Calabria et al. also ran correlation analyses on the \(\mu\) and \(\tau\) parameters of their groups. I’m not completely sure if this is truly interesting or relevant, but doing so yields a small, but significant negative correlation of \(\mu\) and \(\tau\) for Afrikaans speakers and no correlation for Xhosa speakers.
We can also think of the dependent variable as the mean difference in RTs in response to congruent and incongruent trials, what Calabria et al. call the conflict effect
Below we’ll plot the conflict effect and run the analysis. Note that the congruence variable is contained in the dependent variable, so we fit a model with language and condition as the only factors.
##
## Call:
## lm(formula = conflict ~ language * condition, data = conflict_df)
##
## Residuals:
## Min 1Q Median 3Q Max
## -108.086 -22.213 1.279 16.963 144.360
##
## Coefficients:
## Estimate Std. Error t value Pr(>|t|)
## (Intercept) 13.913 7.616 1.827 0.0706 .
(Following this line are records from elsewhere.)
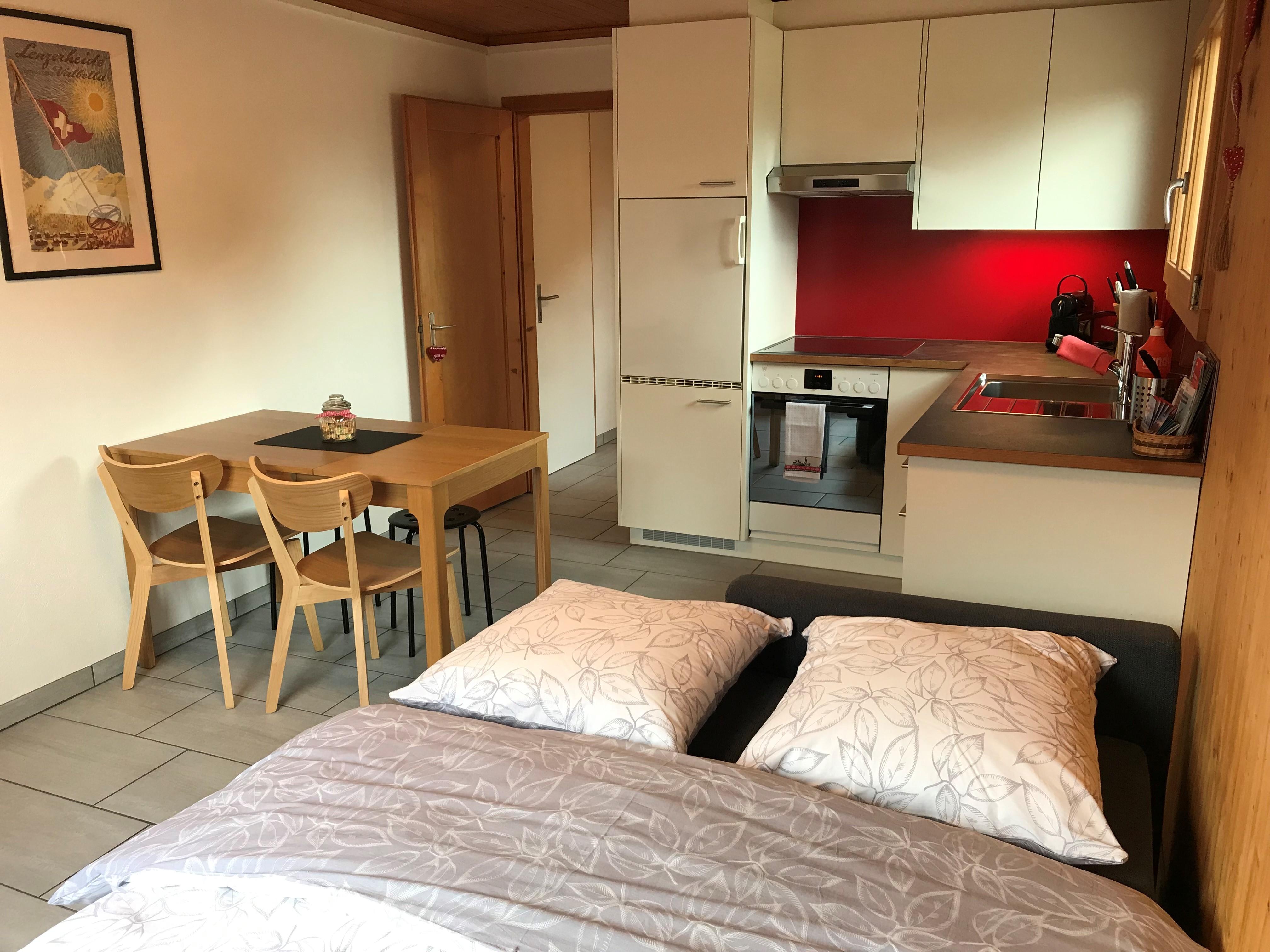 Die 2.5 Zimmer-Ferienwohnung ist an ein Einfamilienhaus angebaut und verfügt über einen separaten Hauseingang. Eine gemütliche Wohnküche, modernes frisch renoviertes Bad und ein schönes Schlafzimmer für zwei Personen lädt zu einem Aufenthalt ein. Zudem kann noch ein Doppel-Schlafsofa im Wohnraum für 2 Personen genutzt werden.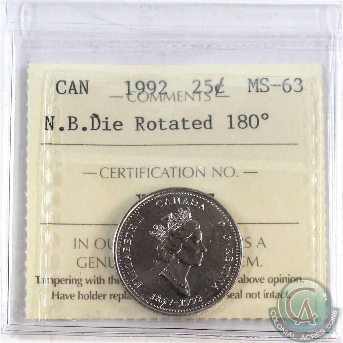 25-cent 1992 New Brunswick Die Rotated 180 Degrees ICCS Certified MS-63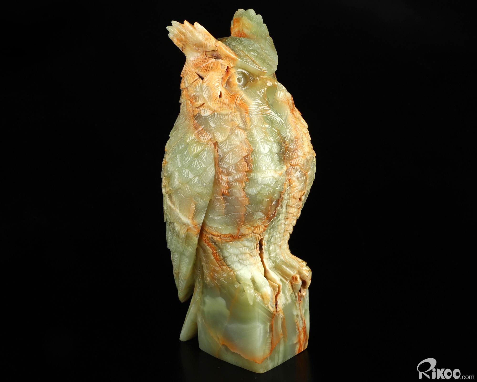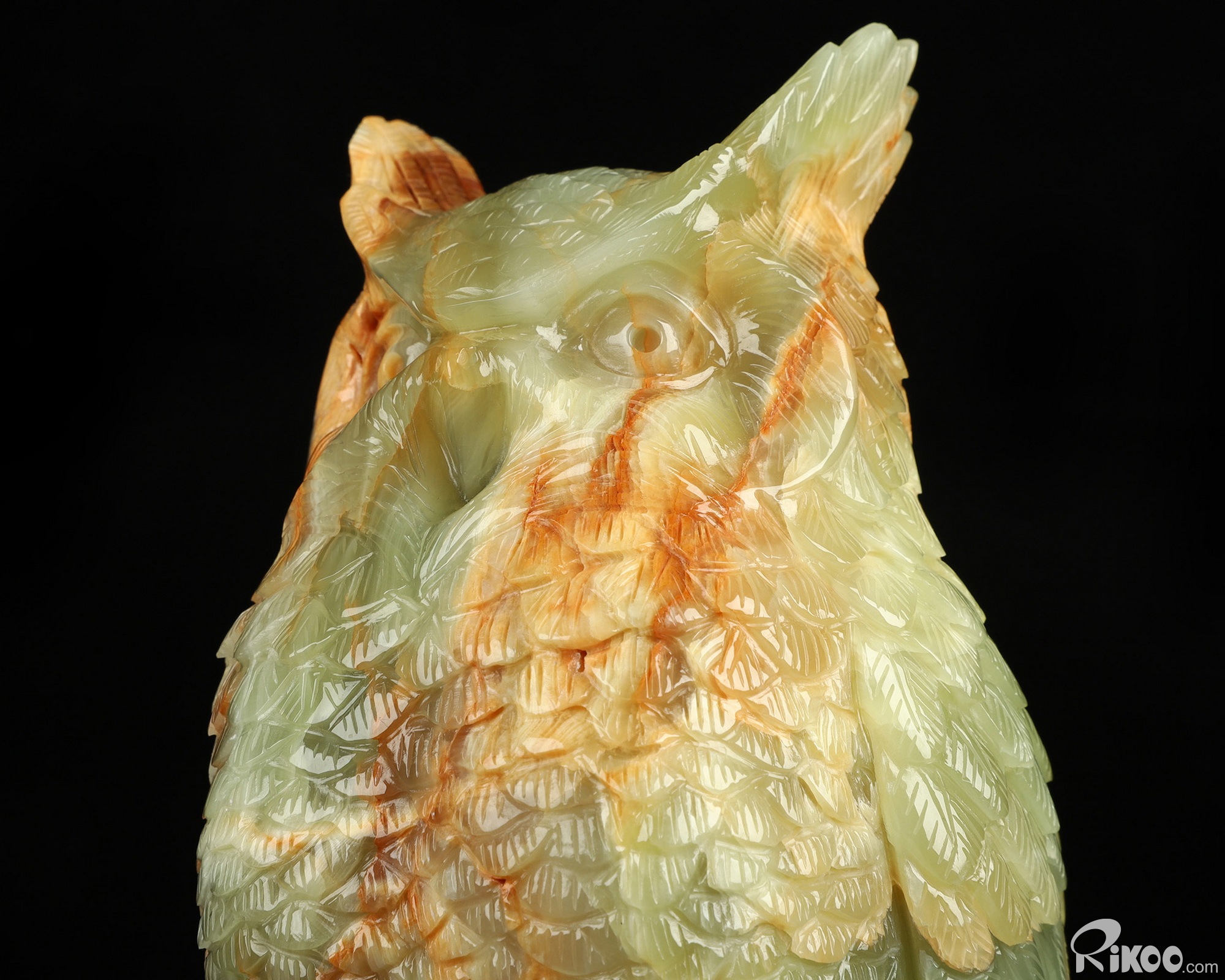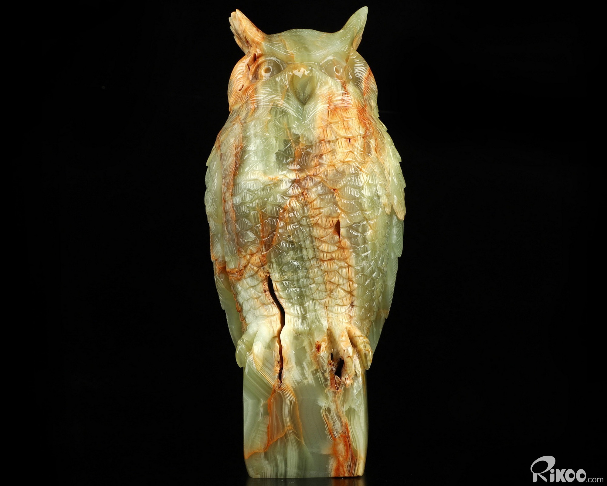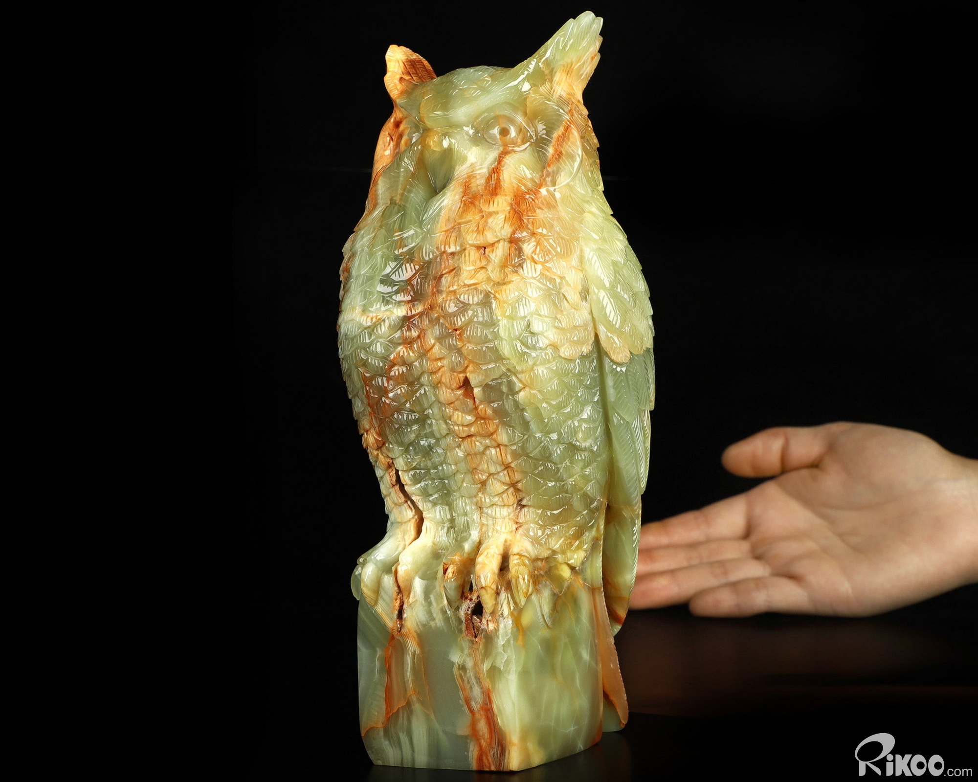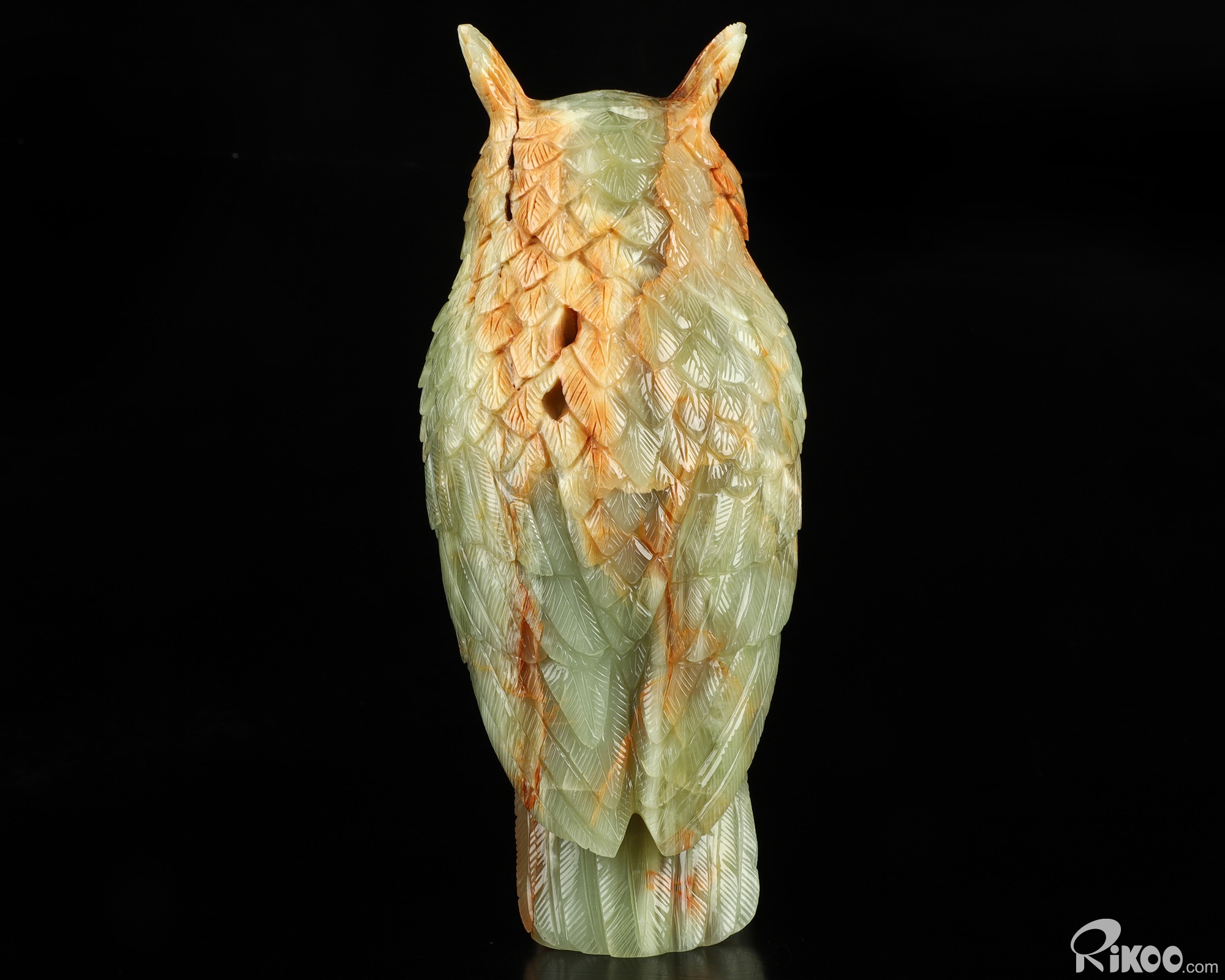 You are looking at an Afghanistan Jade owl. The owl is 8.5 inches long from top to bottom.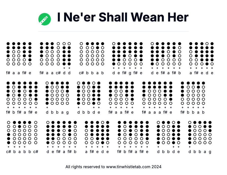 I Ne'er Shall Wean Her - Tin Whistle Tab & Backing Track Readable and Easy to play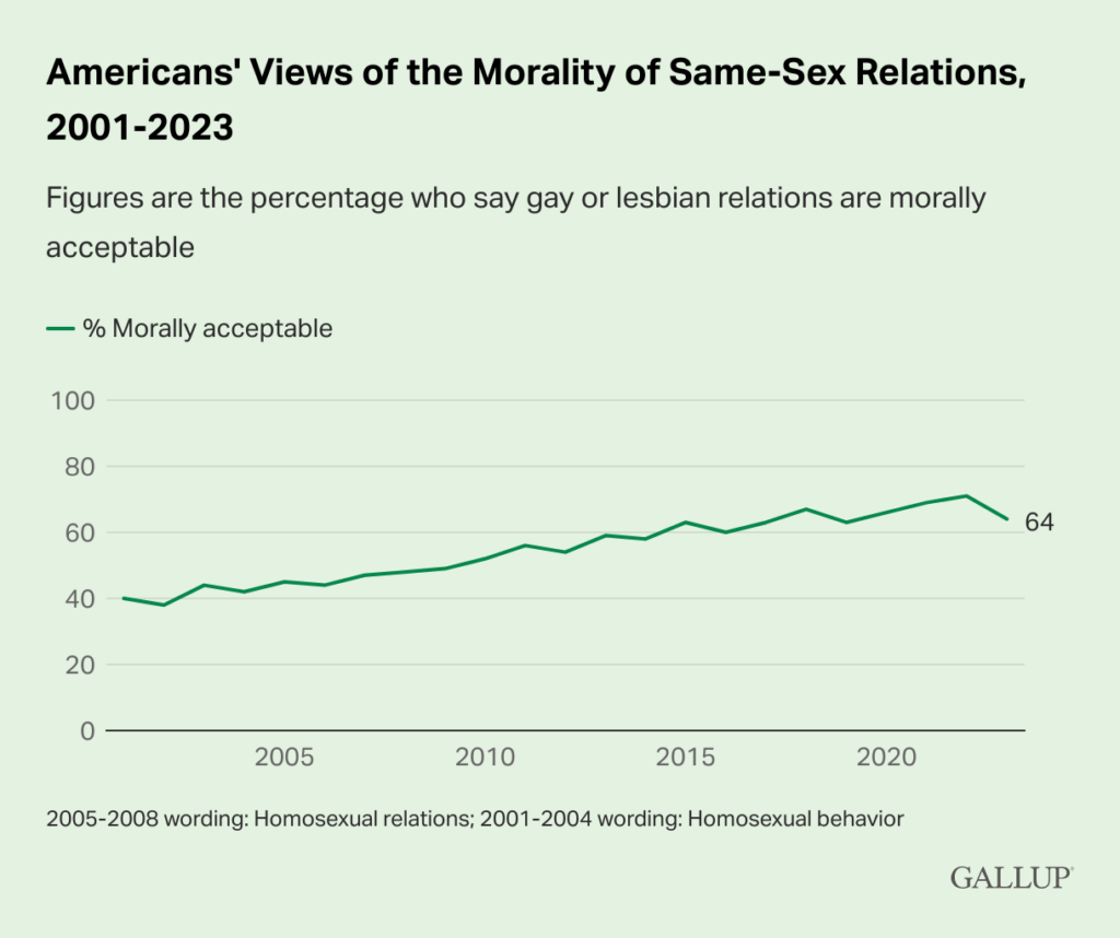 Gallup’s Jeffrey M. Jones (“Fewer in U.S. Say Same-Sex Relations Morally Acceptable“):

## languageXhosa -10.580 11.078 -0.955 0.3417
## conditionsize -16.332 10.771 -1.516 0.1324
## languageXhosa:conditionsize 26.248 15.666 1.675 0.0968 .
## ---
## Signif. codes: 0 '***' 0.001 '**' 0.01 '*' 0.05 '.' 0.1 ' ' 1
##
## Residual standard error: 41.02 on 106 degrees of freedom
## Multiple R-squared: 0.02899, Adjusted R-squared: 0.001504
## F-statistic: 1.055 on 3 and 106 DF, p-value: 0.3716
There seems to be too much variability to detect any significant effects, though the interaction lines suggest opposite trends, which is reflected in the marginally significant interaction effect between language and condition (p = .097)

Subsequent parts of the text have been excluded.